Reflecting the trend of national and local government financial balances, the national average benefit/cost ratio dropped by 37.0 points from FY 1980 to FY 1990 amid economic bubbles, but increased by 33.9 points in the 1990s. The substantial rise in the ratio in the 1990s came as costs declined on a plunge in national and other tax revenues and as benefits increased sharply by 24.4% on local government spending expansion under frequent economic stimulus packages and revenue transfers from the national government to local governments.
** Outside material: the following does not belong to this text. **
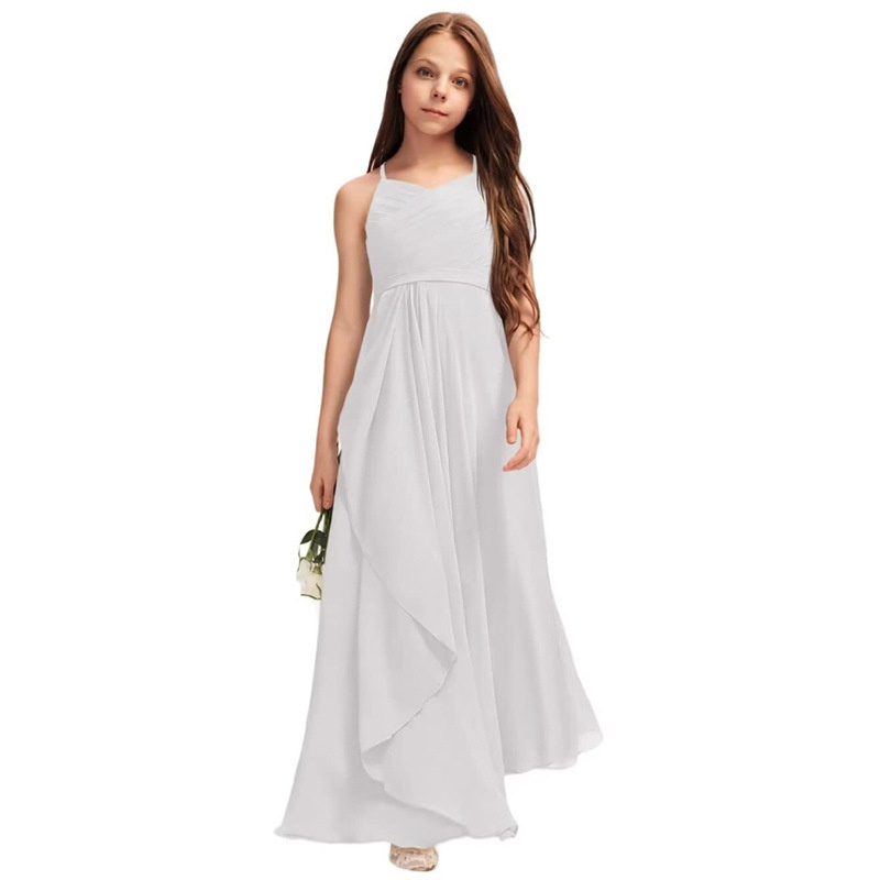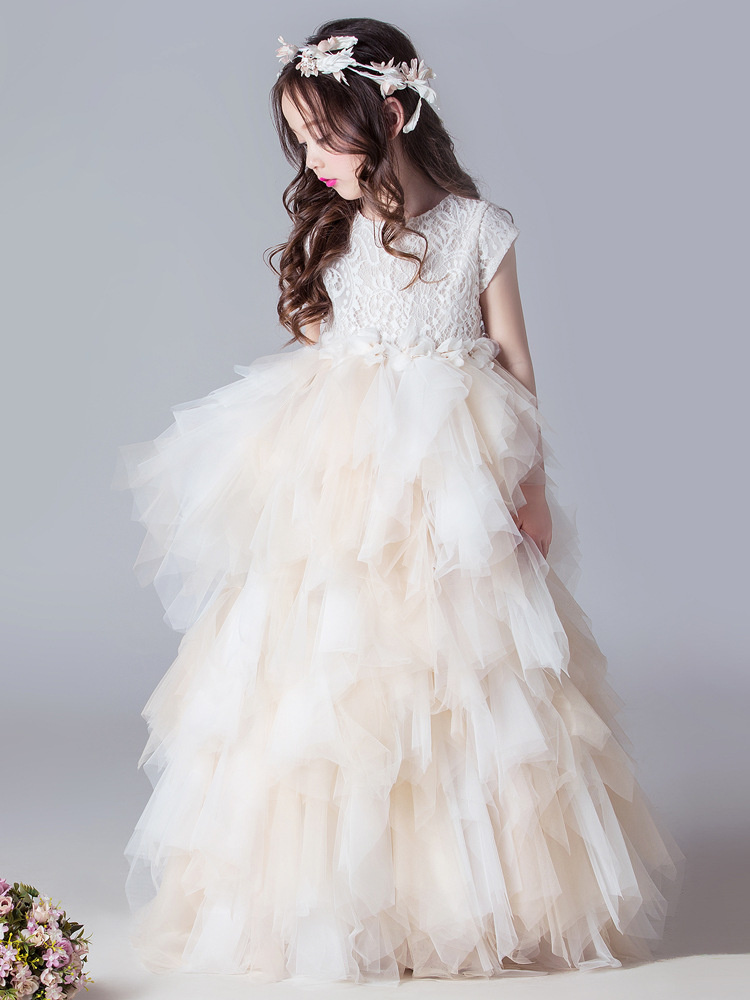 Lange kinderbruidsjurken zijn een echte klassieker. Deze modellen reiken vaak tot de enkels of zelfs tot op de grond en zorgen voor een sprookjesachtige uitstraling. Perfect voor formele bruiloften waar een elegante look gewenst is.
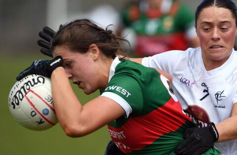 Mayo midfielder Erin Murray staves off the challenge of Kildare’s Lauren Murtagh during the LGFA All-Ireland SFC Riound 2 clash at James Stephens Park, Ballina, last Saturday. Pictures: David Farrell Photography

Inter-regional disparity in benefits and costs has expanded since the 1990s. Let' s compare the top five prefectures in the benefit-cost ratio with the last five. Prefectures having higher benefit-cost ratios see relatively lower per capita income. Those having lower benefit-cost ratios enjoy higher per capita income. In the 1980s, benefit-cost ratios declined for both the top and last five prefectures. But the top five indicated a faster decline than the last five. In the 1990s, the benefit/cost ratios increased substantially for the top five prefectures, while those for the last five posted a far smaller increase and almost leveled off in the latter half (FY 1995-98) of the decade.
Let' s look into whether such expansion of the inter-regional disparity emerged from benefit or cost factors (see Figure 3-1-9). In the top five prefectures in the cost/benefit ratio, costs declined in the 1990s, while benefits continued growth similar to that in the 1980s. In the last five prefectures, however, benefit growth slowed along with cost growth and turned negative in the latter half of the 1990s. These changes indicate that the expansion of the inter-regional disparity in benefits and costs was attributable to the high benefit growth in the top five prefectures.